Exercise aim:
Given these entries, repeat exactly the lines starting with the one that has "For further reduction" and going on through the one that has "特恵貿易圏は、自由貿易から「", both included, but none of the pictures.
BEGIN Data to use
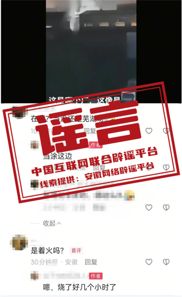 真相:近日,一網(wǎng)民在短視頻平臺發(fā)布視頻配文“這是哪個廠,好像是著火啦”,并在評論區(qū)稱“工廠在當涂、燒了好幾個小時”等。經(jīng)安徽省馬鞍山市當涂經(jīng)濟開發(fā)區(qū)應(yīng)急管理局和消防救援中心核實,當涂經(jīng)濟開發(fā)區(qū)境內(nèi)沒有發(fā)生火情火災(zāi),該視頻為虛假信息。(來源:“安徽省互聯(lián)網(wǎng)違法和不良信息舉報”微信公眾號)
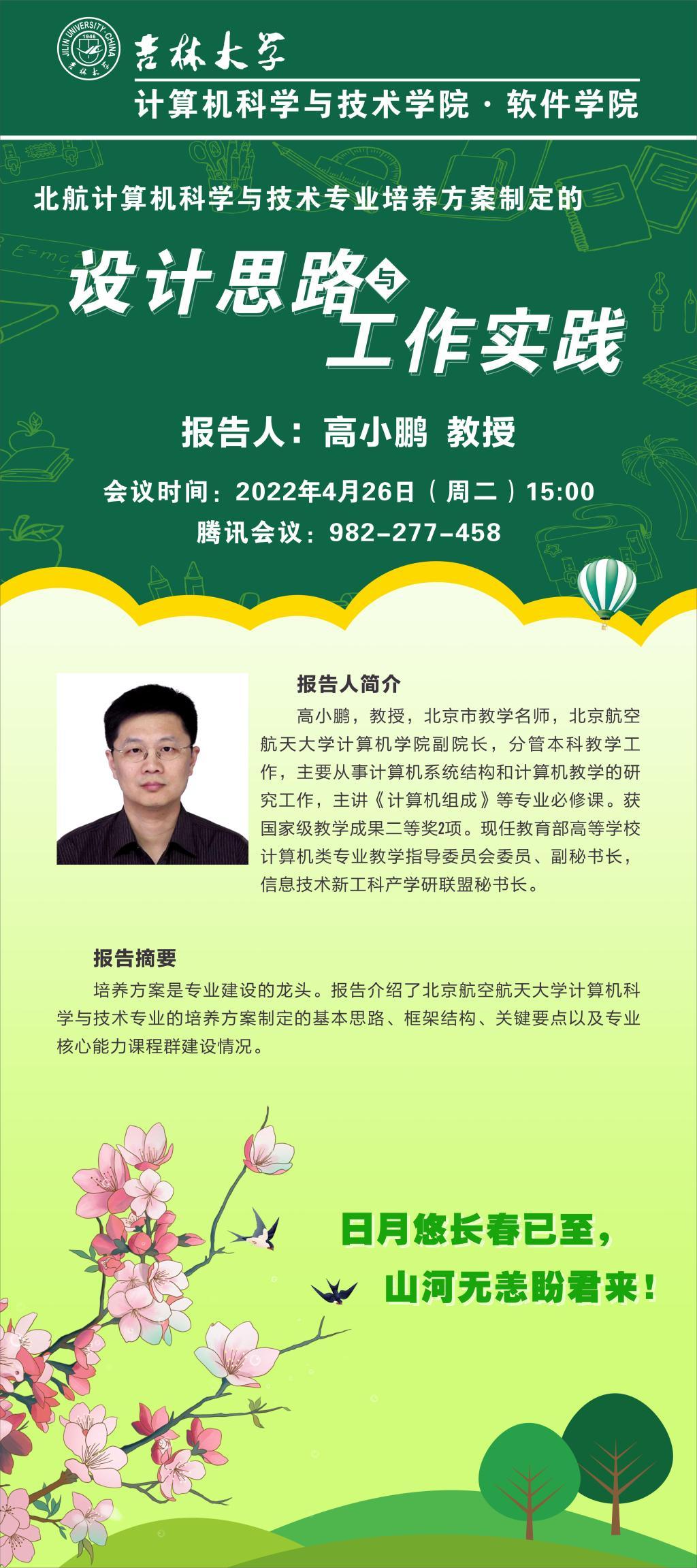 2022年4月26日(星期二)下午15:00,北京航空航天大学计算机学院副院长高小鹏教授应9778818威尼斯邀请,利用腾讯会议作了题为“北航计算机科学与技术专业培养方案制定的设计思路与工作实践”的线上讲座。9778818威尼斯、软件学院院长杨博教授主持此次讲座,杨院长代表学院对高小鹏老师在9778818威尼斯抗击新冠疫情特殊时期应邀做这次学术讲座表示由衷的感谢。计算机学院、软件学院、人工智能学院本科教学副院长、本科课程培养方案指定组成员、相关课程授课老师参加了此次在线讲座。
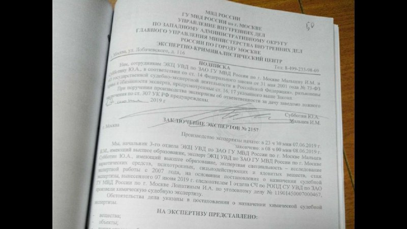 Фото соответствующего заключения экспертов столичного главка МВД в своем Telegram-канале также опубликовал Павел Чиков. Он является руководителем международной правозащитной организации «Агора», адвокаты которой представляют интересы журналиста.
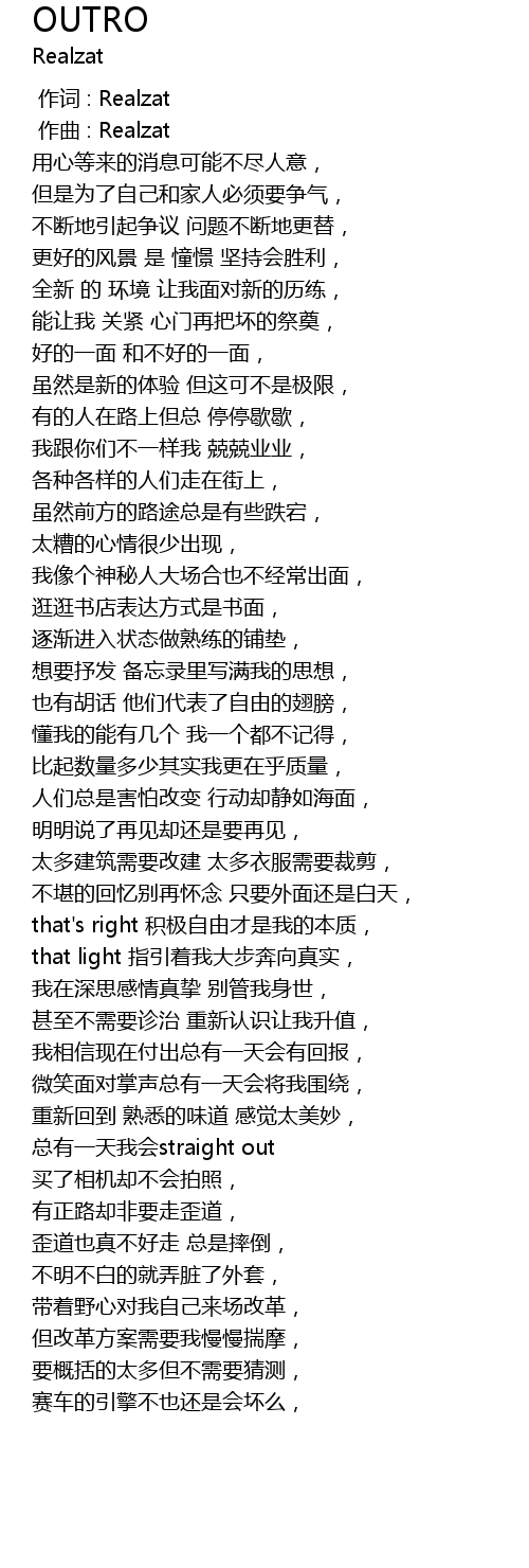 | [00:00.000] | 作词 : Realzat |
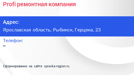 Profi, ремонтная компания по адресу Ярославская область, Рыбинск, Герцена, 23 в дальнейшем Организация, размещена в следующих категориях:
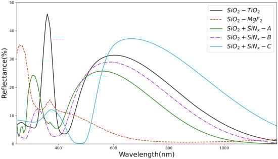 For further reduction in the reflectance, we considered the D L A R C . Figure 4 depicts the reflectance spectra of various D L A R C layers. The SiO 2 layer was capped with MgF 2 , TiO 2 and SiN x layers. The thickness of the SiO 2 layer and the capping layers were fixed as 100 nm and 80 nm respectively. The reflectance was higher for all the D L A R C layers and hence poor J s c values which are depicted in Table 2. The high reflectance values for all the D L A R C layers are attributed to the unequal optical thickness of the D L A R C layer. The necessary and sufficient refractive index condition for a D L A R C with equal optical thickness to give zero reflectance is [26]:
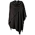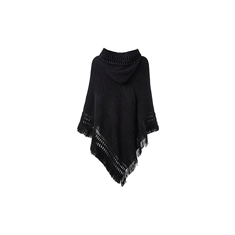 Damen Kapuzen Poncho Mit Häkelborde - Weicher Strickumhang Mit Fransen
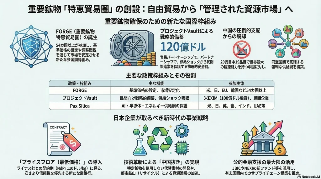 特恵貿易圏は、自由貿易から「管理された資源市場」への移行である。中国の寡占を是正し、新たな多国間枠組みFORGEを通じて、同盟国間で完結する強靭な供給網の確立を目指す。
END Data to use
BEGIN Data to use
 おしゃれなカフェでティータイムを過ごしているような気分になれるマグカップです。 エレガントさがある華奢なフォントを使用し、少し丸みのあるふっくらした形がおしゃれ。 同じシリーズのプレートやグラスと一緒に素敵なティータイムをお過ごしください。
END Data to use
Output:
 For further reduction in the reflectance, we considered the D L A R C . Figure 4 depicts the reflectance spectra of various D L A R C layers. The SiO 2 layer was capped with MgF 2 , TiO 2 and SiN x layers. The thickness of the SiO 2 layer and the capping layers were fixed as 100 nm and 80 nm respectively. The reflectance was higher for all the D L A R C layers and hence poor J s c values which are depicted in Table 2. The high reflectance values for all the D L A R C layers are attributed to the unequal optical thickness of the D L A R C layer. The necessary and sufficient refractive index condition for a D L A R C with equal optical thickness to give zero reflectance is [26]:
 Damen Kapuzen Poncho Mit Häkelborde - Weicher Strickumhang Mit Fransen
 特恵貿易圏は、自由貿易から「管理された資源市場」への移行である。中国の寡占を是正し、新たな多国間枠組みFORGEを通じて、同盟国間で完結する強靭な供給網の確立を目指す。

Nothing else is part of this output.